How I built an AI-active Gmail inbox with real context + personalization (without Google’s AI)
I’ve been really interested in making AI actually useful in email — not “generic smart replies,” but an inbox where the right messages reliably turn into drafts that sound like me, reflect reality, and include the context I’d pull manually if I had time.
The catch: the context I need rarely lives inside Gmail.
It lives in:
- HubSpot (who is this person, what’s the account history, are they VIP, what did we promise?)
- Stripe (are they a customer, what plan, what happened with billing?)
- Postgres (internal source of truth: flags, entitlements, state)
- This repo (docs, runbooks, decisions, roadmaps, patterns)
So I built an AI-active Gmail inbox: Gmail stays the event source, but the agent runs inside a GitHub repo with MCP tools that can pull real context and draft replies that are personalized, accurate, and safe.
I did this without relying on Google’s AI. Gmail is plumbing (labels + push notifications). The intelligence and guardrails are mine.
Three non-negotiable constraints guided the build:
- No polling: I want push-driven events, not a cron job hammering APIs.
- No auto-send: drafts only; I approve every message.
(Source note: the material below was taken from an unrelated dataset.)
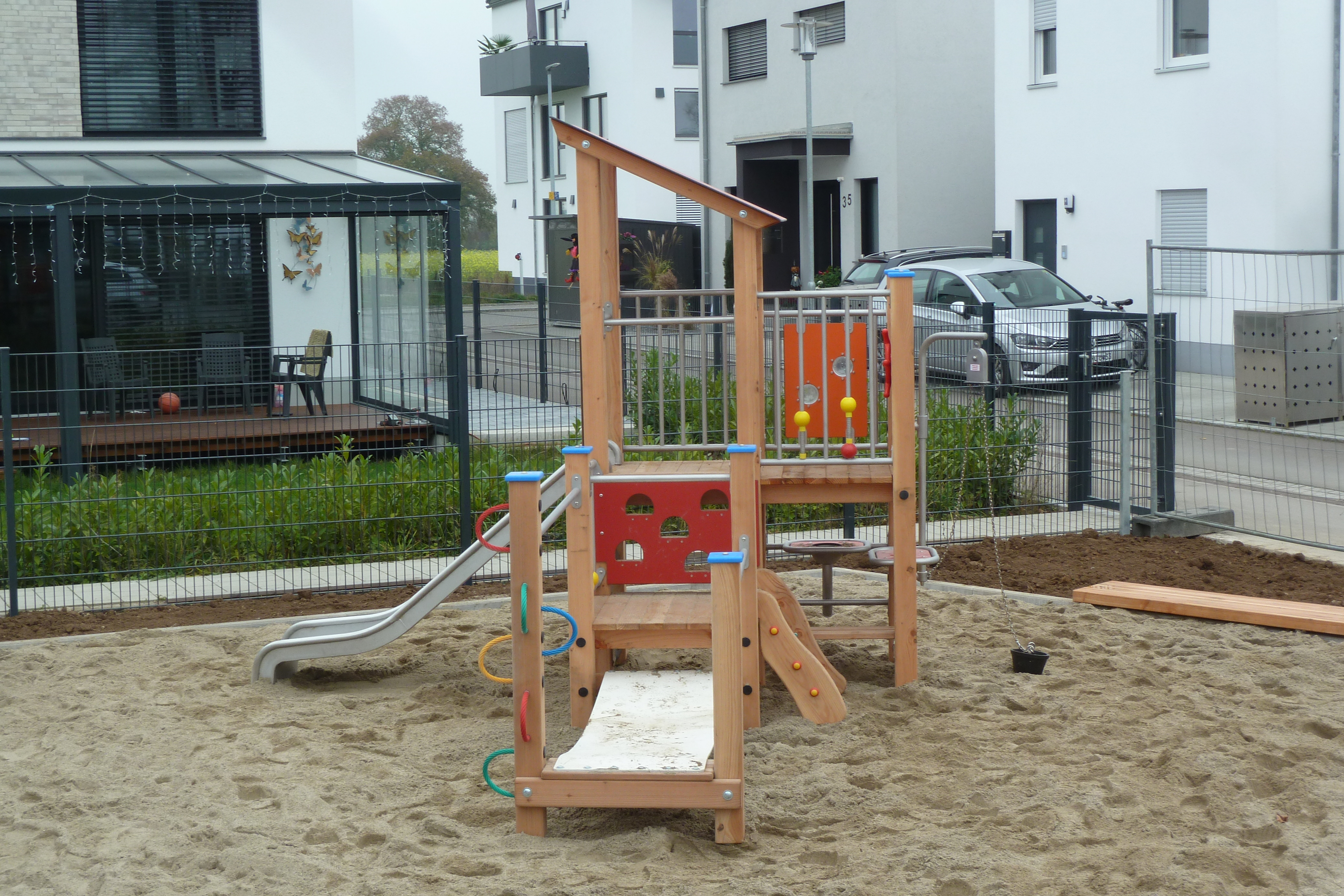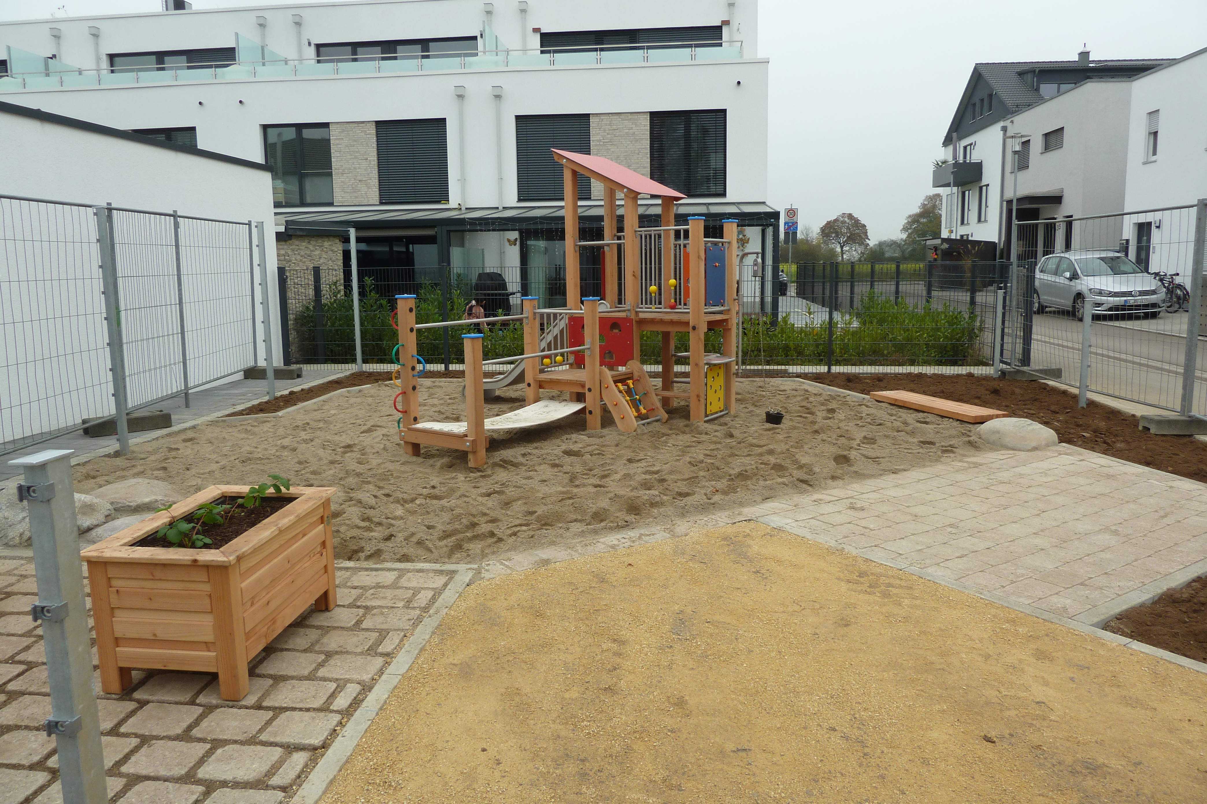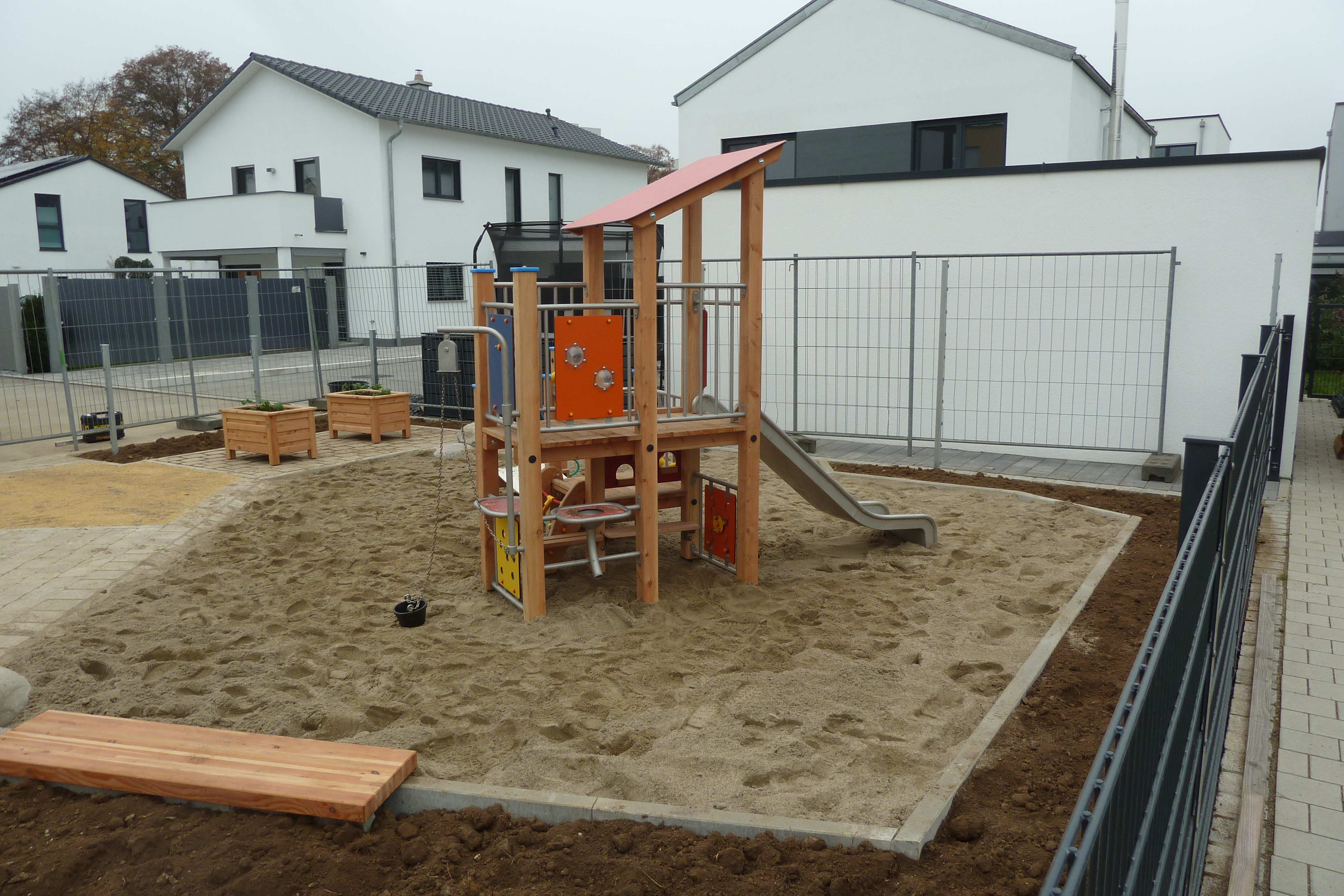 Kindergarten-Hochbeet aus Douglasienholz, 80 x 50 x 50 cm (L/B/H). Einsatz aus Kunststoff mit Bohrungen am Boden gegen Staunässe, verschraubte Kunststoffgleiter an den Füßen. Lieferung komplett vormontiert.

- No inbox-only context: the agent must be able to query the systems that actually matter.
What I wanted was a workflow where Claude Code runs inside a GitHub repo (so it can read everything I’ve written and shipped), connects to MCP tools (so it can pull live customer context), drafts a reply in Gmail, and then pings me for approval. No surprises. No polling. No hallucinated promises.
We actually looked at building this with our Fastmail MCP first. I love Fastmail, but their API didn't give us a clean event trigger we could hook into without polling constantly. I hate polling. It feels messy and wasteful.
Gmail, however, has a push notification system that talks to Google Cloud Pub/Sub. That’s the hook.
Here's the war story of how I built a real-time, event-driven pipeline that turns "new important email" into "draft reply ready," with real context + personalization — and the mistakes I had to fix along the way.

The 10,000-foot view
The final flow looks simple, but I didn’t get it right on the first try:
- Gmail receives an email. If it matches a specific filter, it applies a label:
AI_TRIGGER. - Google Cloud Pub/Sub gets a push notification from Gmail saying “history changed for this label.”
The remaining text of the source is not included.